• DIRECTIONS FOR THIS TASK
Every line below must be reproduced exactly; no pictures are to be included.

Records excerpted from a collection:
++++

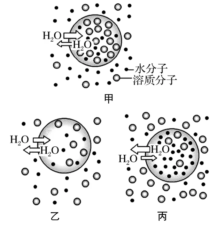 2. 图甲、乙、丙分别是细胞在不同浓度溶液中水分子的跨膜运输示意图(箭头大小代表水分子数的多少)。
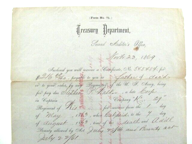 S HIPPING ONLY TO CONFIRMED ADDRESSES IN THE LOWER 48 US STATES EXCLUDING ALASKA & HAWAII *** PLEASE READ WHOLE AD BEFORE PURCHASING*** PLEASE PAY UPON COMMITMENT TO PURCHASE UP FOR YOUR PURCHASE IS A US CIVIL WAR ERA SOLDIER'S PAY VOUCHER. THE VOUCHER IS TO THE FATHER (EZRA WALKER) OF A DECEASED CORPORAL STEPHEN P WALKER OF COMPANY K, 29th REGIMENT OF WISCONSIN TROOPS. THIS ITEM WAS ACQUIRED AT A HIGH END ESTATE SALE CONTAINING AN EXTENSIVE QUALITY MILITARY COLLECTION OF ITEMS FROM THE CIVIL WAR THROUGH THE VIET NAM WAR. VIEW THE PHOTOS, FEEL FREE TO ASK ANY QUESTIONS, AND BUY WITH CONFIDENCE. SHIPPING TO THE 48 CONTINENTAL US STATES VIEW THE PHOTOS, ASK ANY QUESTIONS, AND BUY WITH CONFIDENCE. FROM A SMOKE FREE-PET FREE HOME Selling and shipping only to the 48 LOWER U. S. STATES, excluding Alaska and Hawaii AND APO/FPO/DPO Thank you for viewing
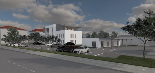 Iz načrtov je razvidno, da bo ob novi poslovni stavbi tudi paviljon s prostori za Medobčinsko društvo slepih in slabovidnih Murska Sobota, ki je delni lastnik stavbe.
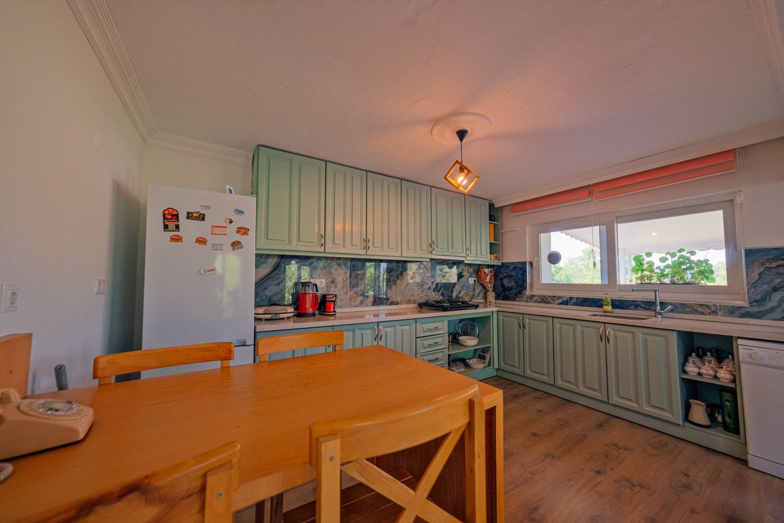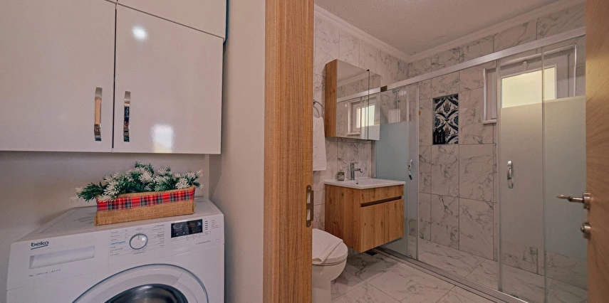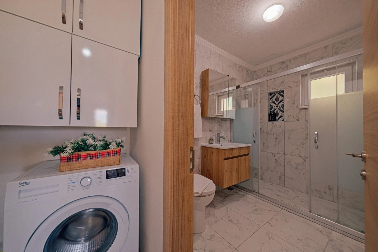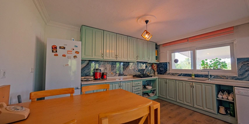 Bulaşık makinesi, çamaşır makinesi, ütü, buzdolabı, fırın, ocak, mikrodalga fırın, filtre kahve ve Türk kahve makinesi, her türlü mutfak ve banyo gereçleri bulunmaktadır.
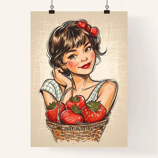 Happy, attracttive, sweeping overdrawn lines, A Poster of a woman holding a basket of strawberries
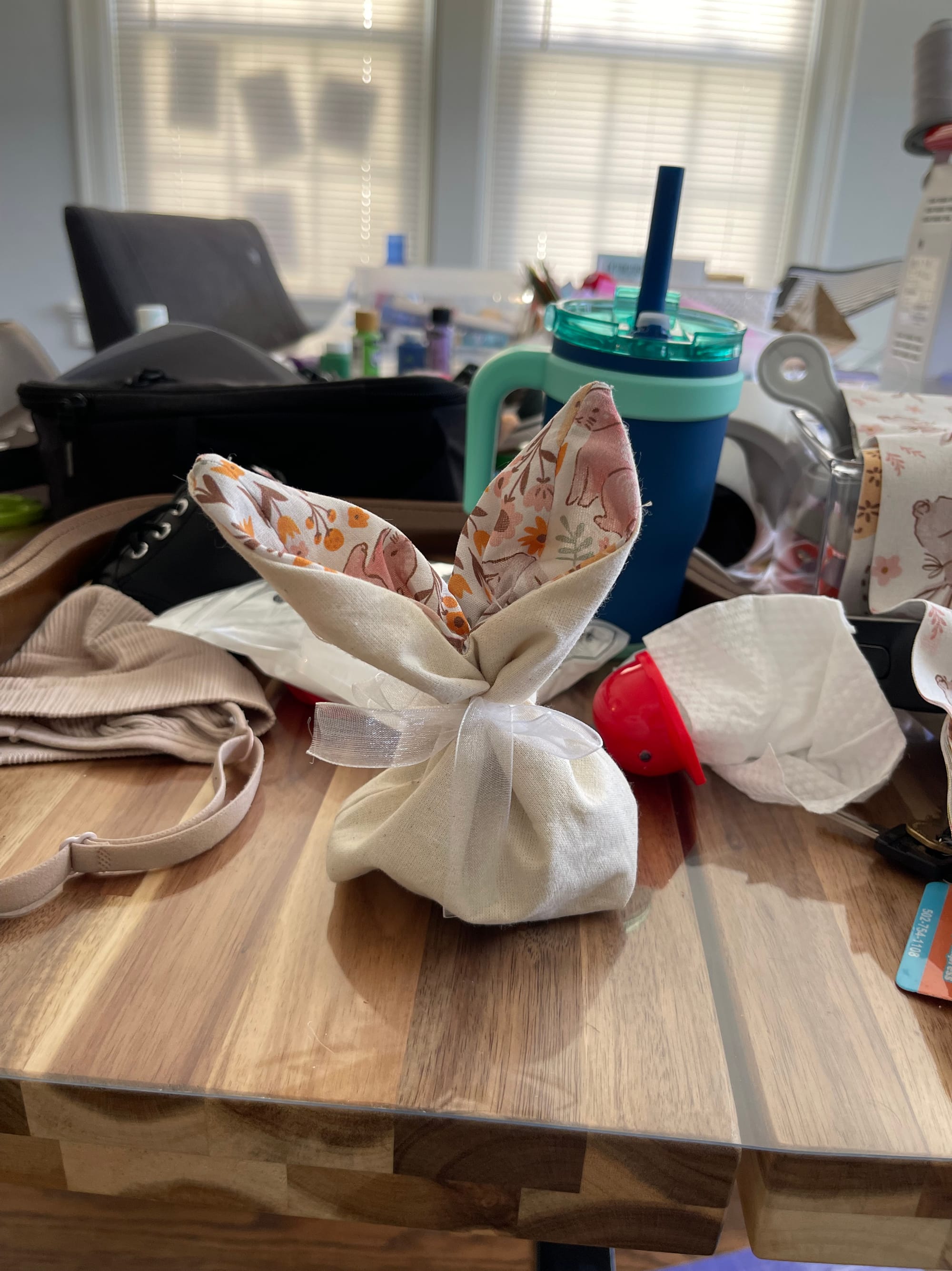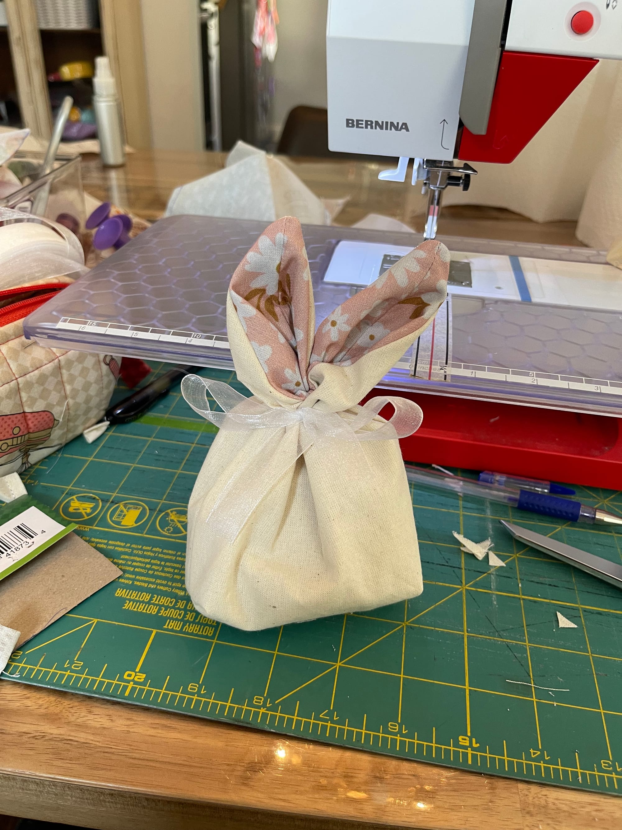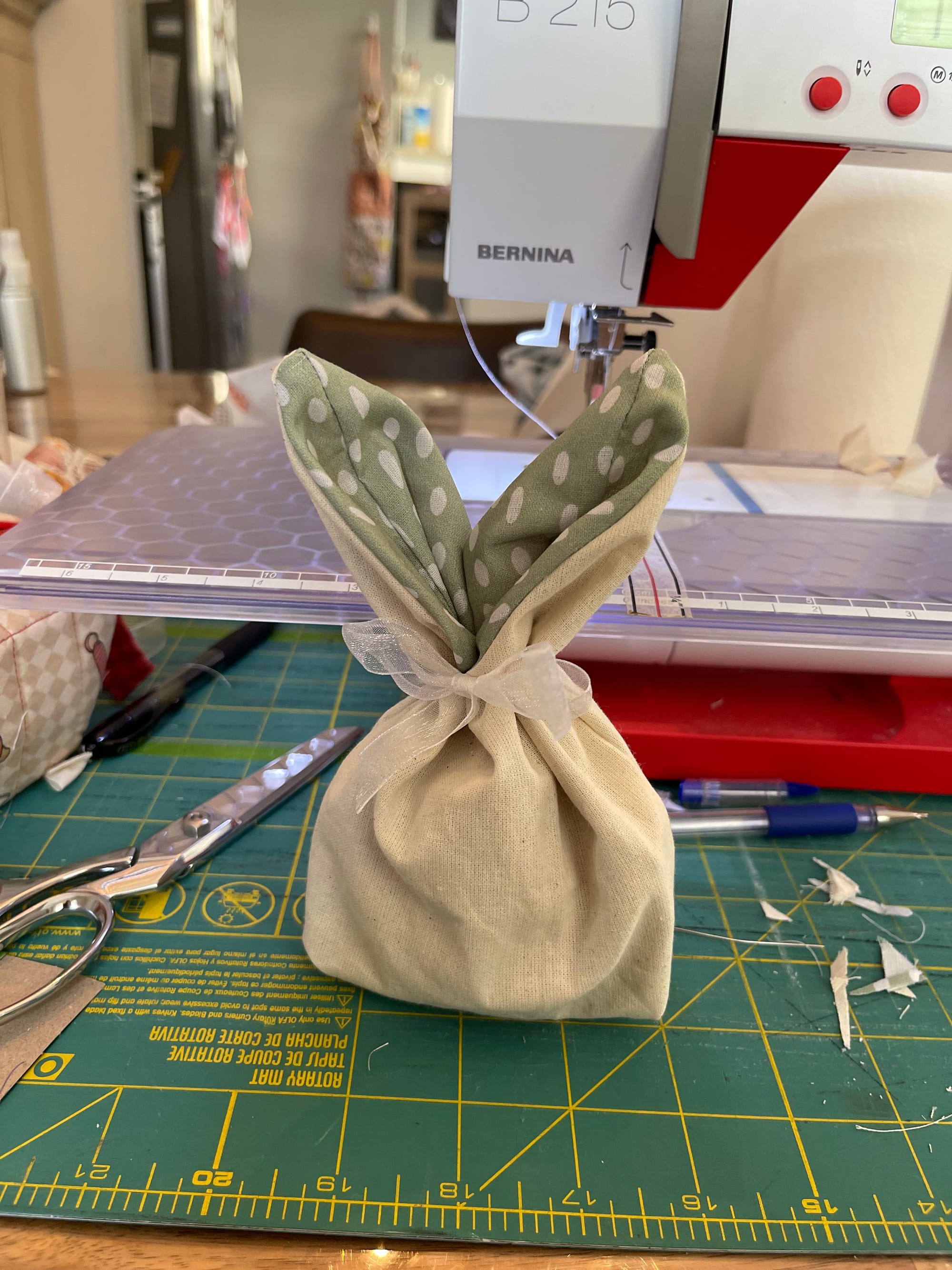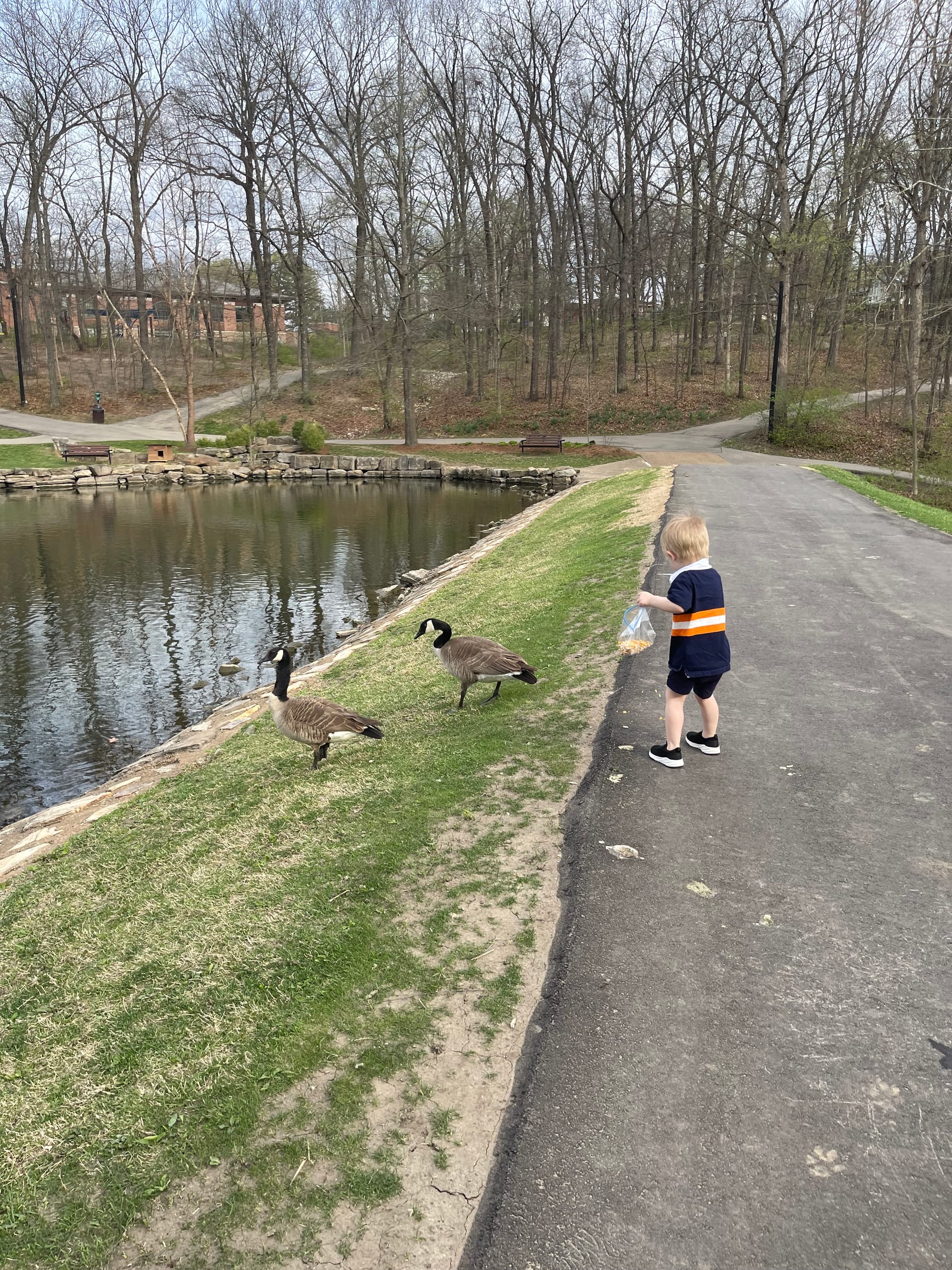 I worked on an Easter sewing project while the boys went and fed the ducks.

++++

• RESPONSE TO THIS TASK
 2. 图甲、乙、丙分别是细胞在不同浓度溶液中水分子的跨膜运输示意图(箭头大小代表水分子数的多少)。
 S HIPPING ONLY TO CONFIRMED ADDRESSES IN THE LOWER 48 US STATES EXCLUDING ALASKA & HAWAII *** PLEASE READ WHOLE AD BEFORE PURCHASING*** PLEASE PAY UPON COMMITMENT TO PURCHASE UP FOR YOUR PURCHASE IS A US CIVIL WAR ERA SOLDIER'S PAY VOUCHER. THE VOUCHER IS TO THE FATHER (EZRA WALKER) OF A DECEASED CORPORAL STEPHEN P WALKER OF COMPANY K, 29th REGIMENT OF WISCONSIN TROOPS. THIS ITEM WAS ACQUIRED AT A HIGH END ESTATE SALE CONTAINING AN EXTENSIVE QUALITY MILITARY COLLECTION OF ITEMS FROM THE CIVIL WAR THROUGH THE VIET NAM WAR. VIEW THE PHOTOS, FEEL FREE TO ASK ANY QUESTIONS, AND BUY WITH CONFIDENCE. SHIPPING TO THE 48 CONTINENTAL US STATES VIEW THE PHOTOS, ASK ANY QUESTIONS, AND BUY WITH CONFIDENCE. FROM A SMOKE FREE-PET FREE HOME Selling and shipping only to the 48 LOWER U. S. STATES, excluding Alaska and Hawaii AND APO/FPO/DPO Thank you for viewing
 Iz načrtov je razvidno, da bo ob novi poslovni stavbi tudi paviljon s prostori za Medobčinsko društvo slepih in slabovidnih Murska Sobota, ki je delni lastnik stavbe.
 Bulaşık makinesi, çamaşır makinesi, ütü, buzdolabı, fırın, ocak, mikrodalga fırın, filtre kahve ve Türk kahve makinesi, her türlü mutfak ve banyo gereçleri bulunmaktadır.
 Happy, attracttive, sweeping overdrawn lines, A Poster of a woman holding a basket of strawberries
 I worked on an Easter sewing project while the boys went and fed the ducks.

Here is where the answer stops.